(Directions): Leave out the pictures, and retype the remaining data exactly.

Dataset excerpts
- - - - - - -

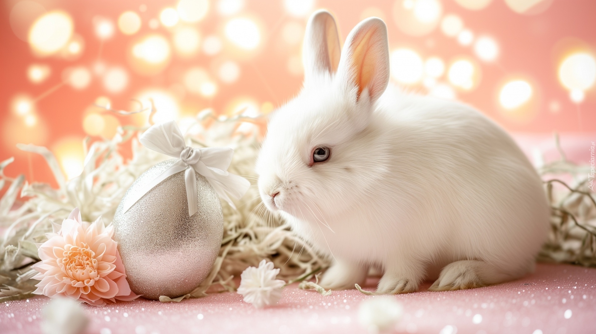 Edytor tapety: Biały królik i srebrna pisanka z kokardą
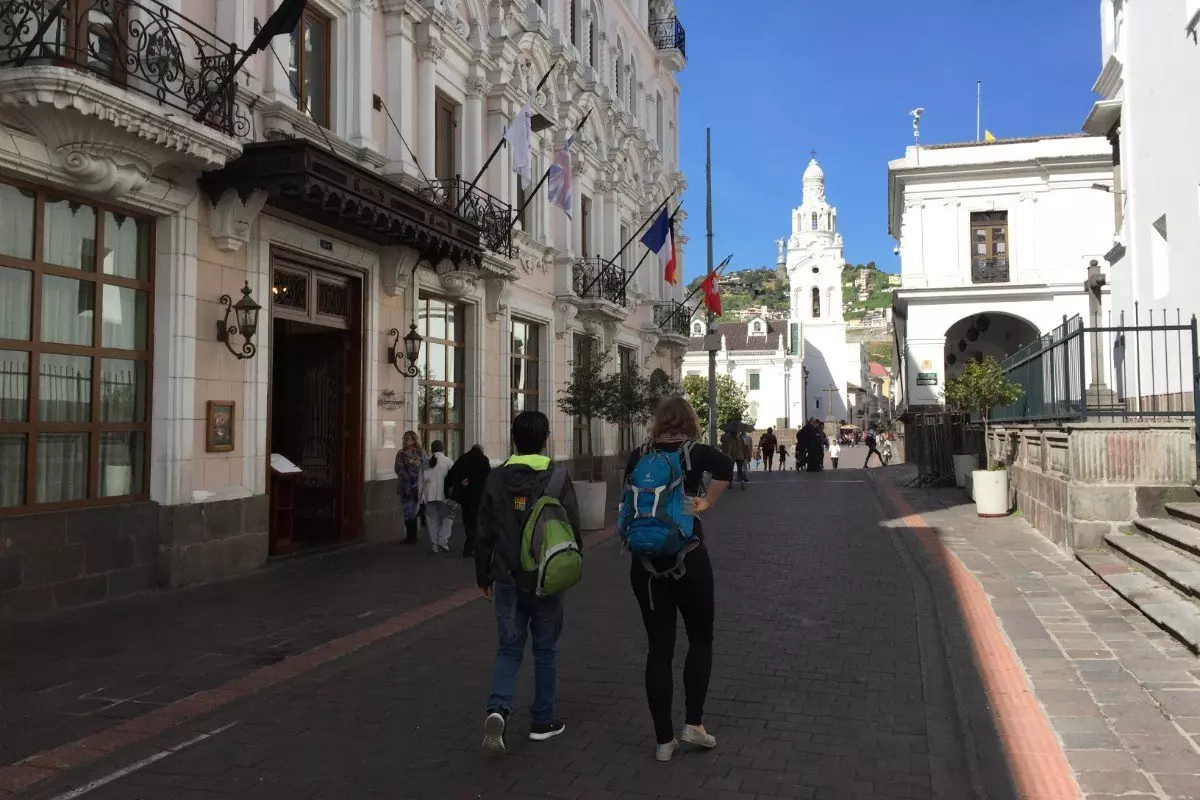 Du blir hentet på hotellet av guiden din etter frokost, og så går turen til den gamle bydelen. Først besøker du den vakre Plaza de la Independencia (“Uavhengighetsplassen”), som er omgitt av noen av Quitos viktigste bygninger: Presidentens palass, regjeringsbygningen, erkebiskopens palass og Quitos katedral. Fra Plaza de la Independencia følger du brosteinsgatene til kirken La Compañía, som innvendig er belagt med de fineste gullplater, og San Francisco-kirken, som er Quitos eldste kirke.
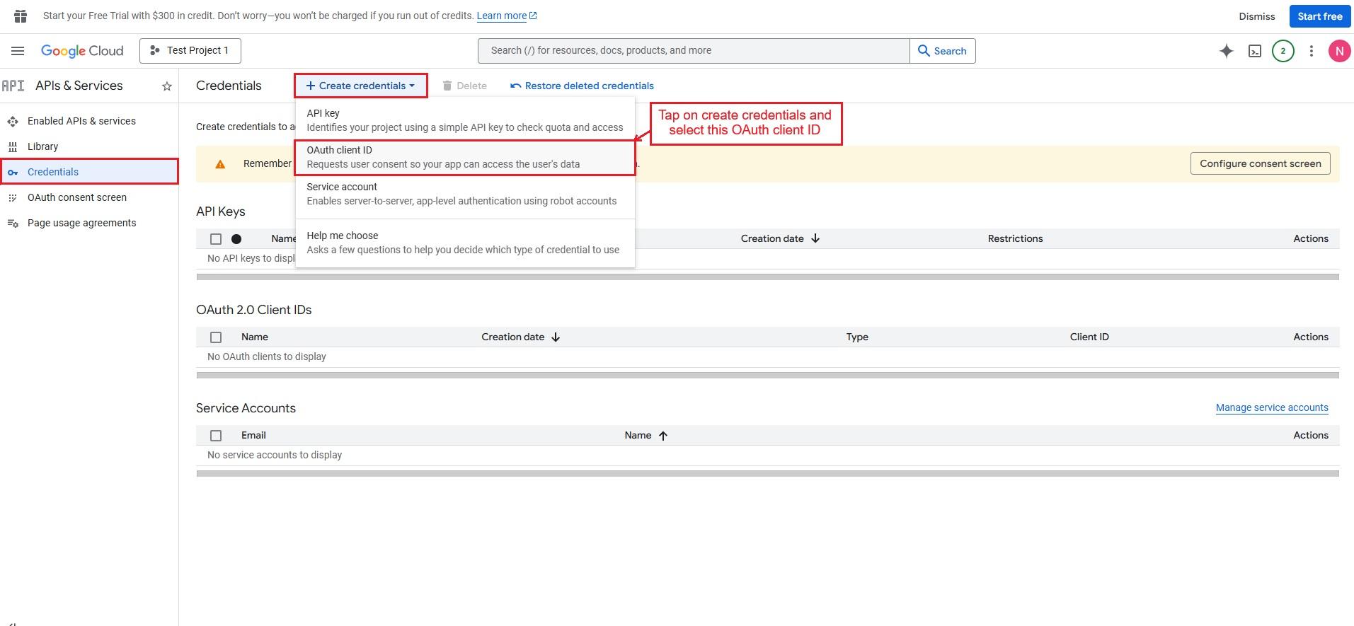 Now, select the Credentials options, tap on Create credentials, and select the OAuth client ID.
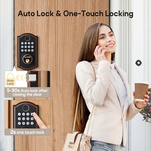[Auto Lock & One-Touch Locking] Our front door locks are furnished with an adaptable automatic locking function, which can also be tailored to activate anywhere from 5 to 30 seconds after unlocking. This provides assurance that, without reference to distractions or haste, your door will independently toughen itself, preserving your home’s security. Alongside this automated locking feature, our front door smart locks also give you the ease of one-touch locking
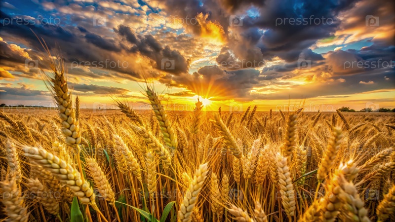 Золотые ржаные поля греются в теплом свете драматического захода солнца
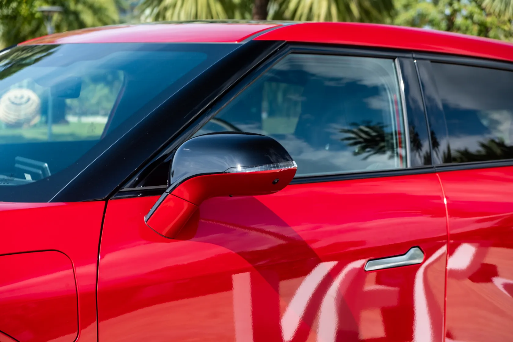 Phần trên của ốp kính chiếu hậu sơn đen bóng cũng trở thành điểm nhấn, tạo thêm sức hút cho thân xe VF 7. Tay nắm cửa thiết kế ẩn, không chỉ mang đến sự sang trọng cho mẫu ô tô điện phổ thông, mà còn tăng thêm tính khí động học.

- - - - - - -

(Exercise answer):
 Edytor tapety: Biały królik i srebrna pisanka z kokardą
 Du blir hentet på hotellet av guiden din etter frokost, og så går turen til den gamle bydelen. Først besøker du den vakre Plaza de la Independencia (“Uavhengighetsplassen”), som er omgitt av noen av Quitos viktigste bygninger: Presidentens palass, regjeringsbygningen, erkebiskopens palass og Quitos katedral. Fra Plaza de la Independencia følger du brosteinsgatene til kirken La Compañía, som innvendig er belagt med de fineste gullplater, og San Francisco-kirken, som er Quitos eldste kirke.
 Now, select the Credentials options, tap on Create credentials, and select the OAuth client ID.
[Auto Lock & One-Touch Locking] Our front door locks are furnished with an adaptable automatic locking function, which can also be tailored to activate anywhere from 5 to 30 seconds after unlocking. This provides assurance that, without reference to distractions or haste, your door will independently toughen itself, preserving your home’s security. Alongside this automated locking feature, our front door smart locks also give you the ease of one-touch locking
 Золотые ржаные поля греются в теплом свете драматического захода солнца
 Phần trên của ốp kính chiếu hậu sơn đen bóng cũng trở thành điểm nhấn, tạo thêm sức hút cho thân xe VF 7. Tay nắm cửa thiết kế ẩn, không chỉ mang đến sự sang trọng cho mẫu ô tô điện phổ thông, mà còn tăng thêm tính khí động học.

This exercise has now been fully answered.